Vu les conclusions de la société GSTE, notifiées le 25 octobre 2021, aux termes desquelles elle demande à la cour de :

Vu l'article 1240 du code civil,

A titre principal,

- confirmer le jugement,

- condamner solidairement les consorts [B] à payer à la société GSTE la somme de 8 000 euros au titre de l'article 700 du code de procédure civile,

A titre subsidiaire,

- ramener les demandes de Mme [K] [Z] veuve [B] à de plus justes proportions,

- débouter M. [P] [B] et Mme [F] [B] de leurs demandes.

Vu les conclusions du syndicat des copropriétaires, notifiées le 7 février 2022, aux termes desquelles il demande à la cour de :

Vu la loi n°65-557 du 10 juillet 1965 fixant le statut de la copropriété des immeubles bâtis,

Vu l'ancien article 1384, alinéa 1, du code civil,

Vu les anciens articles 1315 et suivants du code civil,

- recevoir le syndicat des copropriétaires en ses fins, demandes, conclusions,

l'y déclarant bien-fondé :

A titre principal,

- confirmer en toutes ses dispositions le jugement rendu le 13 avril 2021 par le tribunal judiciaire de Bobigny,

- débouter les consorts [B] de l'intégralité de leurs demandes,

A titre subsidiaire,

- minorer significativement les demandes formulées par Mme [K] [Z] veuve [B],

- débouter M. [P] [B] de sa demande d'indemnisation de son préjudice,

- condamner in solidum les sociétés GSTE et Inter mutuelles entreprises à relever et garantir le syndicat des copropriétaires la totalité des condamnations mises à sa charge,

En toute hypothèse,

- condamner tout succombant à verser au syndicat des copropriétaires la somme de 5 000 euros au titre de l'article 700 du code de procédure civile, outre les entiers dépens dont distraction au profit de Maître Frédérique Etevenard, conformément à l'article 699 du code de procédure civile.
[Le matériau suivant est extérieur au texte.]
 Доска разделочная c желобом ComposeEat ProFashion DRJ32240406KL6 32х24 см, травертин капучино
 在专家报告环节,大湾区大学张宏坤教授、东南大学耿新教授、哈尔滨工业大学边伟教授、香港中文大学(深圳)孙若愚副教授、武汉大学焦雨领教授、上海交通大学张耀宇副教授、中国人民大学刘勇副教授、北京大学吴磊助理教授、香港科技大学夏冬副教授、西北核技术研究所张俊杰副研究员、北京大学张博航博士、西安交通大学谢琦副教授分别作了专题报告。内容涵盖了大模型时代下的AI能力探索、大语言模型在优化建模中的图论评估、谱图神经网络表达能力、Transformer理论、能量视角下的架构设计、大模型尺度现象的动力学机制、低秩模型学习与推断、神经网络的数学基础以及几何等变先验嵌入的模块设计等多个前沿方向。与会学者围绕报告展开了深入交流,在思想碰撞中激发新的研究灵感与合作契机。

Vu les conclusions de la société Inter mutuelles entreprises, notifiées le 5 mars 2022, aux termes desquelles elle demande à la cour de :

A titre principal,

- confirmer le jugement contesté en ce qu'il a débouté les consorts [B] de l'intégralité de leurs demandes,

- débouter les consorts [B] et la CPAM [de Seine-Sain-Denis] de l'intégralité de ses demandes,

A titre subsidiaire,

- condamner la société GSTE à garantir la société Inter mutuelles entreprises de la totalité des condamnations qui pourraient être mises à sa charge,

- réduire l'indemnisation de Mme [K] [Z] veuve [B] et de M. [P] [B] à de plus justes proportions,

Quoi qu'il en soit,

- condamner Mme [K] [Z] veuve [B] et M. [P] [B] au paiement de la somme de 3 000 euros au titre de l'article 700 du code de procédure civile, ainsi qu'en tous les dépens de l'instance dont distraction au profit de Maître Callon.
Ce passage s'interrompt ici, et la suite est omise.